Please copy out the entries below exactly, beginning with the line that contains "米農家「コメの値上がりは3年" and ending with the line that contains "Avery Hand Written", and include nothing outside that span.

Recorded data:
——

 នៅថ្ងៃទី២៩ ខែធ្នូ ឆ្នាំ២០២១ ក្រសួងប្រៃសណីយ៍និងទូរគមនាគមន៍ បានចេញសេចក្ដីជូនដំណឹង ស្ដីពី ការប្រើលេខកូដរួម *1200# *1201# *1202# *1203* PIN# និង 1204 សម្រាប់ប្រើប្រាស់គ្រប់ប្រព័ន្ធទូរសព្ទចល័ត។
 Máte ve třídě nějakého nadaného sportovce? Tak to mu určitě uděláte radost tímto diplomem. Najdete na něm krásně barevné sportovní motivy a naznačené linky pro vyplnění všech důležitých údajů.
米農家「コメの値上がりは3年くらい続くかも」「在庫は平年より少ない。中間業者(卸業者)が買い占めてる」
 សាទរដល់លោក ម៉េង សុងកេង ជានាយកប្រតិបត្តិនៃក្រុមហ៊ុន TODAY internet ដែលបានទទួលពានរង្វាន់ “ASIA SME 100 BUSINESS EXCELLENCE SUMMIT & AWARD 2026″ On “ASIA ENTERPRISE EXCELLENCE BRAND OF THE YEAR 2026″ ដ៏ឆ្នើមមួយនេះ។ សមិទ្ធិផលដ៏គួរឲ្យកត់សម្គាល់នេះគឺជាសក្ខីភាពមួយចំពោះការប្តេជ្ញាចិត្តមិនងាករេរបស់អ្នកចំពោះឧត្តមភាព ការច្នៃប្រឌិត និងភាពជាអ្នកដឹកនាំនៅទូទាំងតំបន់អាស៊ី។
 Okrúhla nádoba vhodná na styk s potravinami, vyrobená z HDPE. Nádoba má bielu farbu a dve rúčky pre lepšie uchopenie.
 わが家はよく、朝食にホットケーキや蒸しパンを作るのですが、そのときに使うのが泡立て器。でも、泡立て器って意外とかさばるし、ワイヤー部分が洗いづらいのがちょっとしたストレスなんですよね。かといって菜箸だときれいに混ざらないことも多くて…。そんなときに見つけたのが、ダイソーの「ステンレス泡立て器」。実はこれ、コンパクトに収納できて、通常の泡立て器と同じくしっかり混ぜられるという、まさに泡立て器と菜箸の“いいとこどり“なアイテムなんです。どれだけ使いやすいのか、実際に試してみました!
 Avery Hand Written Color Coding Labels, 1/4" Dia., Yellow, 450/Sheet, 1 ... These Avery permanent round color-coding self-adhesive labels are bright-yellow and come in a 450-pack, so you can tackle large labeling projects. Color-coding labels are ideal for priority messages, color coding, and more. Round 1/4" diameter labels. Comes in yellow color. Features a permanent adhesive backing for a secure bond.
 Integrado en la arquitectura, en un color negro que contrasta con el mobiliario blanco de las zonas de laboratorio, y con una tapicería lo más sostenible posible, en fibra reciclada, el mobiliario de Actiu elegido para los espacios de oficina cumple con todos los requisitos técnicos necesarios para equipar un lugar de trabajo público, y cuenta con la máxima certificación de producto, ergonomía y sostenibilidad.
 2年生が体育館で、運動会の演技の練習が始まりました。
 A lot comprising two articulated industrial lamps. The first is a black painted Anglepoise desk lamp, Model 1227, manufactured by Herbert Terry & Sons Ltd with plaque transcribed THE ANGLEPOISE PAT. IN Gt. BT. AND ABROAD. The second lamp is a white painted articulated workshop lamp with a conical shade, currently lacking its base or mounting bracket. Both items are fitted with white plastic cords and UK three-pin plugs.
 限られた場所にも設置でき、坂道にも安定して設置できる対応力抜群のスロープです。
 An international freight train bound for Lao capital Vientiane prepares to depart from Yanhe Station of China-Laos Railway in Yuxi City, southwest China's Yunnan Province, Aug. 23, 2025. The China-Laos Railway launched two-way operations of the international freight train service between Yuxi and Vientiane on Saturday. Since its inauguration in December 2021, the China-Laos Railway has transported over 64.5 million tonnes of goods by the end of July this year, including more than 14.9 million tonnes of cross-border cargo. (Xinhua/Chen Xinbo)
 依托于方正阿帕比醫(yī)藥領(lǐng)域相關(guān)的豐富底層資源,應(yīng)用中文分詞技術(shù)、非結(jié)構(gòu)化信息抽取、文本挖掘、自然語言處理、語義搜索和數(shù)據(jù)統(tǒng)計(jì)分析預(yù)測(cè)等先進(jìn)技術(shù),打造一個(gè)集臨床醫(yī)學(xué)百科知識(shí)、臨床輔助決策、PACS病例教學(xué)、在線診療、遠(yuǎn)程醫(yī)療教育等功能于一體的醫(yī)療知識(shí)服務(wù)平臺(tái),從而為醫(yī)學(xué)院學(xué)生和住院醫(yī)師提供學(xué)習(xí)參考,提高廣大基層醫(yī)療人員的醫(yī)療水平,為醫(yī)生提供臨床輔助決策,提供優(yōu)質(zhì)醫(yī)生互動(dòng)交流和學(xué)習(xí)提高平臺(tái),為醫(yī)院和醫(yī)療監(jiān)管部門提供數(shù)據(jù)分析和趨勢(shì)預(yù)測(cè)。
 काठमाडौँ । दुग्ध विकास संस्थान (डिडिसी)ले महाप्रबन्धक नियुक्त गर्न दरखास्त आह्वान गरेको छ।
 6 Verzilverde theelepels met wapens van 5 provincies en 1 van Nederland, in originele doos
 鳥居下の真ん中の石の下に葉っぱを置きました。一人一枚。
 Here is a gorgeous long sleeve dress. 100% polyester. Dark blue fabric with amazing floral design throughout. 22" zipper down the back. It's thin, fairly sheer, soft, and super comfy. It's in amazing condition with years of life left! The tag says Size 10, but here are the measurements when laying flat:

——

Exercise answer:
米農家「コメの値上がりは3年くらい続くかも」「在庫は平年より少ない。中間業者(卸業者)が買い占めてる」
 សាទរដល់លោក ម៉េង សុងកេង ជានាយកប្រតិបត្តិនៃក្រុមហ៊ុន TODAY internet ដែលបានទទួលពានរង្វាន់ “ASIA SME 100 BUSINESS EXCELLENCE SUMMIT & AWARD 2026″ On “ASIA ENTERPRISE EXCELLENCE BRAND OF THE YEAR 2026″ ដ៏ឆ្នើមមួយនេះ។ សមិទ្ធិផលដ៏គួរឲ្យកត់សម្គាល់នេះគឺជាសក្ខីភាពមួយចំពោះការប្តេជ្ញាចិត្តមិនងាករេរបស់អ្នកចំពោះឧត្តមភាព ការច្នៃប្រឌិត និងភាពជាអ្នកដឹកនាំនៅទូទាំងតំបន់អាស៊ី។
 Okrúhla nádoba vhodná na styk s potravinami, vyrobená z HDPE. Nádoba má bielu farbu a dve rúčky pre lepšie uchopenie.
 わが家はよく、朝食にホットケーキや蒸しパンを作るのですが、そのときに使うのが泡立て器。でも、泡立て器って意外とかさばるし、ワイヤー部分が洗いづらいのがちょっとしたストレスなんですよね。かといって菜箸だときれいに混ざらないことも多くて…。そんなときに見つけたのが、ダイソーの「ステンレス泡立て器」。実はこれ、コンパクトに収納できて、通常の泡立て器と同じくしっかり混ぜられるという、まさに泡立て器と菜箸の“いいとこどり“なアイテムなんです。どれだけ使いやすいのか、実際に試してみました!
 Avery Hand Written Color Coding Labels, 1/4" Dia., Yellow, 450/Sheet, 1 ... These Avery permanent round color-coding self-adhesive labels are bright-yellow and come in a 450-pack, so you can tackle large labeling projects. Color-coding labels are ideal for priority messages, color coding, and more. Round 1/4" diameter labels. Comes in yellow color. Features a permanent adhesive backing for a secure bond.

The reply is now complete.